3. The script will cycle through the source definitions and create target tables and mappings with the prefixes as defined in the settings.tcl script. In the current supplied script the source module (00_SOURCE_SYSTEM_WORLD is hardcoded).

The script executes the following code. Specific elements are highlighted and commented. I will not copy the entire script every time in the future posts (comments are added to the scripts as well) since they get progressively more complicated and copying them as a whole will only complicate things. Many conceptes and bits of code appear in all the scripts so it would only be more of the same. I will however try to explain the thoughts that are behind it as much as possible.
                                                                
# Name:       OWB Staging Area generation TCL                         
# Author:      Roelant Vos                                          
# Purpose:    Generate staging mappings                               
                                                             
source C:/TCL/settings.tcl
puts “”
puts “nConnecting to OWB Metadata Repository, project: $projectn”

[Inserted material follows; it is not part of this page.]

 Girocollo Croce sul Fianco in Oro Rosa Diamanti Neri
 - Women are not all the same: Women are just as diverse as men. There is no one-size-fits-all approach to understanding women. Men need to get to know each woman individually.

##################################
# General connection information #
##################################
OMBDISCONNECT
OMBCONNECT $OWB_repository/$OWB_password@$OWB_server:1521:$environment
OMBCC ‘$project’

set ModList “00_SOURCE_SYSTEM_WORLD” 
The modules that are processed are coded here, this can be done using an array as well.
 
# Truncate and create Staging Area  
puts -nonewline stdout “Do you want to drop the staging area? (Y/N)  => “; gets stdin StgYN;
puts “”

if { $StgYN == “j” || $StgYN == “J” || $StgYN == “y” || $StgYN == “Y”  } {
  puts “The existing Staging Area $StgMod will be dropped and recreated…”
  puts “”

  OMBDROP ORACLE_MODULE ‘$StgMod’
  OMBCREATE ORACLE_MODULE ‘$StgMod’ SET PROPERTIES (DESCRIPTION)
            VALUES (‘This is the Staging Area module in which all the records from the different sources are stored for further integration.
                     The current SA contains full import data from the following source systems: $ModList’)
            SET REFERENCE LOCATION ‘$StgLocation’
}
puts “Processing source module $ModListn”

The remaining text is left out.